§ Task directions
Below are the records; give again exactly the lines from the one containing "shenhai, liquid particles" through the one containing "Digital Sheet Music", leaving out pictures.

*** Block opens ***

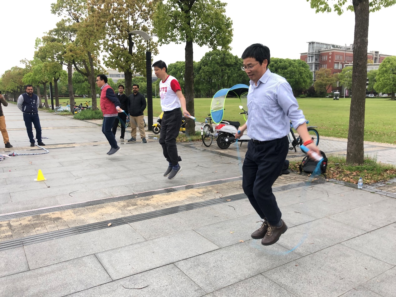 跳绳比赛将体育节带入了又一个高潮,现场气氛无比高昂与欢腾,吕晖、陈海峰、韦朝春三位老师也一起加入比赛,学生们直呼看的过瘾。最后李婧课题组的杨筱韵以一分钟186个的成绩拔得头筹。
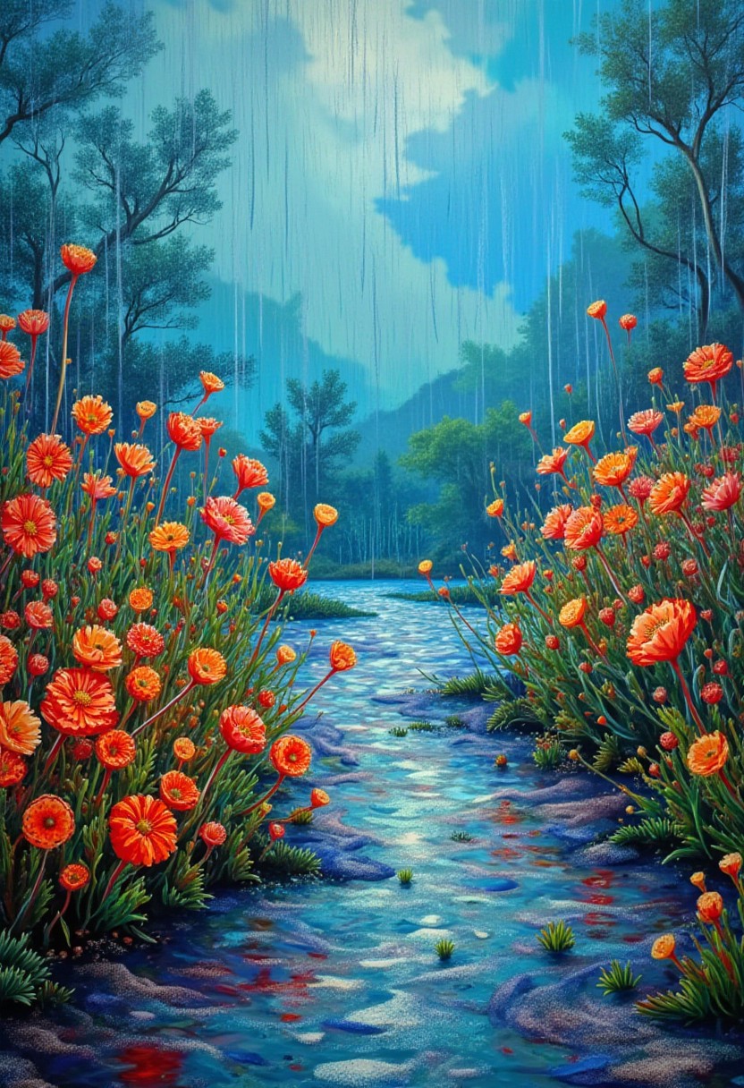 shenhai, liquid particles glowing, plants and flowers, a complex expressive expressionism oil painting of a raining country landscape weather. the painting looks wet like the raining is coming out of the painting, Abstract art
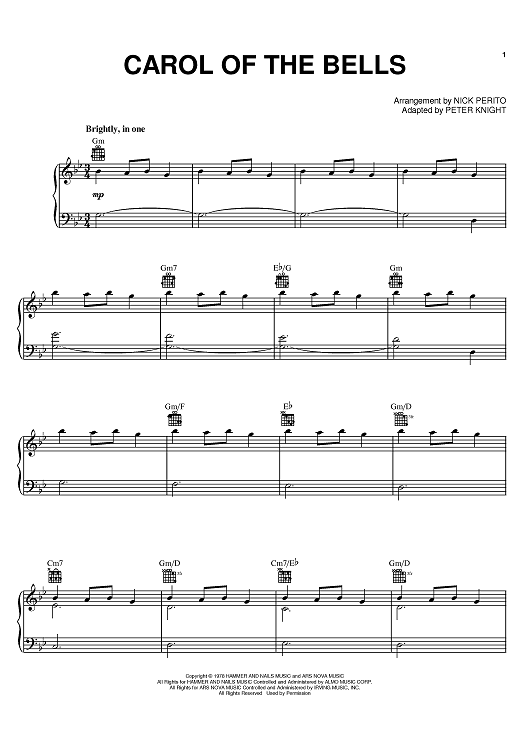 Digital Sheet Music for Carol Of The Bells by The Carpenters, Peter Knight, Nick Perito scored for Piano; id:368571
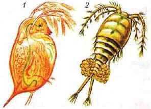 Рис. 88. Молодые рачки на брюшных ножках самки Многообразие ракообразных. Ракообразные ведут ползающий, плавающий или прикрепленный образ жизни. Некоторые из них являются паразитами. Мельчайшие морские ракообразные, составляющие основную массу зоопланктона, служат пищей для многих водных животных — от кишечнополостных до рыб и китов. В некоторых местах ракообразные — основная группа среди донных животных. Люди используют ракообразных в пищу: объектами промысла служат крабы, раки, омары, лангусты, креветки и др. В классе Ракообразные 20 отрядов. К Десятиногим относится речной рак, крупные морские раки — омары (длиной до 60 см, а массой до 15 кг) и лангусты (у них отсутствуют клешни), мелкие рачки — креветки. Некоторые из них передвигаются по дну, другие активно плавают в толще воды при помощи брюшных ножек. К этой же группе принадлежат раки-отшельники. У них мягкое несегментированное брюшко. Раки-отшельники прячутся от врагов в пустых раковинах морских улиток, все время таская раковину с собой, а при опасности полностью скрываясь в ней, прикрывая вход сильно развитой клешней. К десятиногим ракам относятся крабы. У них широкий, но короткий головогрудной панцирь, очень короткие усики, короткое брюшко подогнуто под головогрудь. Передвигаются крабы чаще всего боком. К Листоногим принадлежат хорошо известные аквариумистам мелкие рачки — дафнии длиной 3-5 мм (рис. 89, 1). Они живут в небольших пресных водоемах. Все тело (за исключением головы) у дафний заключено в прозрачный хитиновый панцирь-раковинку. Сквозь хитиновые покровы виден большой сложный глазок и постоянно работающие грудные ножки, которые обеспечивают ток воды под панцирем. У дафнии имеются большие ветвистые усики. Взмахивая ими, она прыгает в воде, поэтому дафний иногда называют «водяными блохами». Питаются дафнии находящимися в толще воды простейшими, бактериями, одноклеточными водорослями.
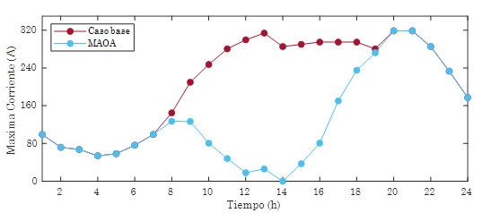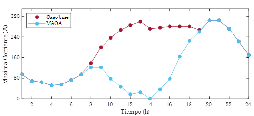 La Figura 7 presenta el comportamiento de la corriente máxima en este sistema de prueba. En el caso de referencia, la corriente máxima se produce en la línea que conecta los nodos 1 y 2. Esta corriente mantiene el mismo comportamiento de la generación de energía en el nodo de la subestación, ya que corresponde a la división entre la potencia inyectada y la tensión en el nodo de la subestación; El valor máximo de corriente se encuentra en las horas 20 y 21 con una magnitud de 304.128 A.
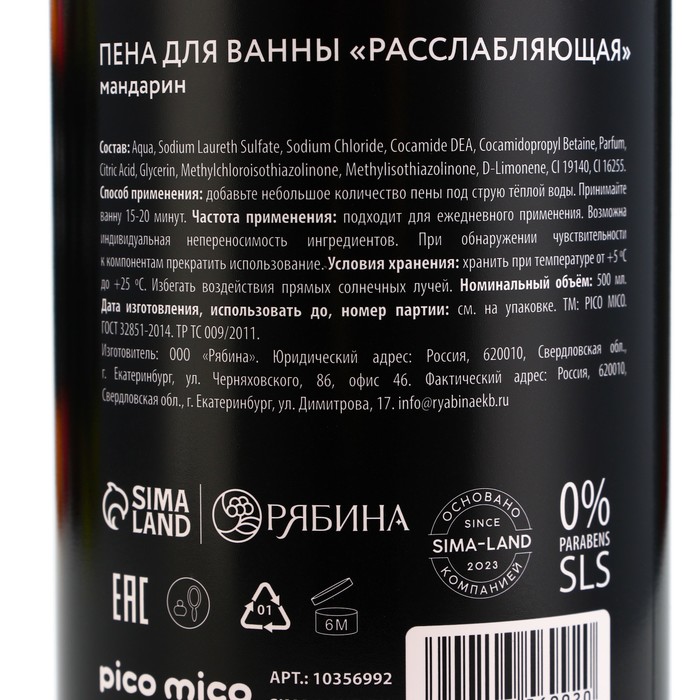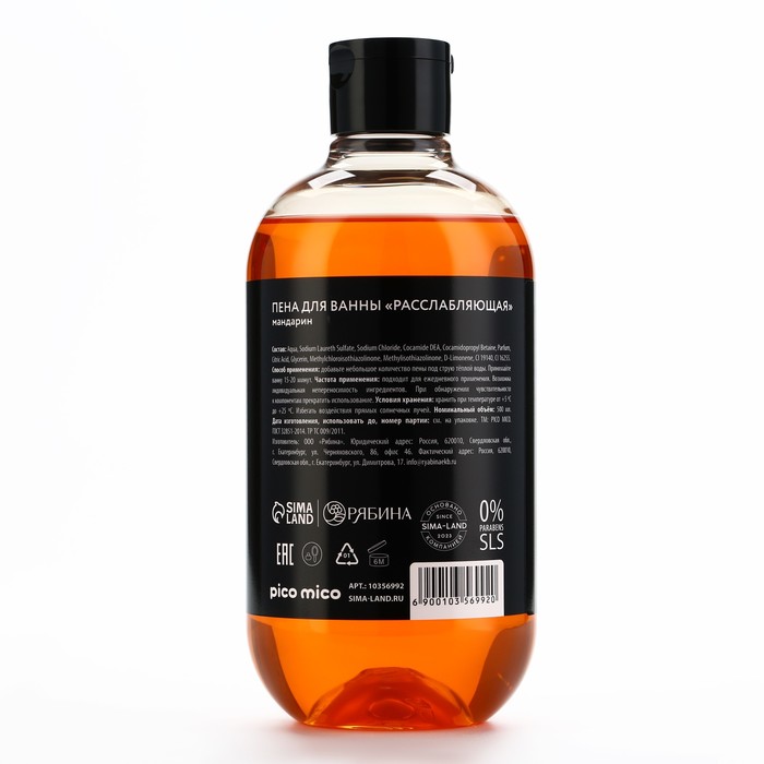 Пена для ванны PICO MICO «Сладкие грёзы», 500 мл, аромат мандарина — Характеристики

*** Block closes ***

§ Your solution
 shenhai, liquid particles glowing, plants and flowers, a complex expressive expressionism oil painting of a raining country landscape weather. the painting looks wet like the raining is coming out of the painting, Abstract art
 Digital Sheet Music for Carol Of The Bells by The Carpenters, Peter Knight, Nick Perito scored for Piano; id:368571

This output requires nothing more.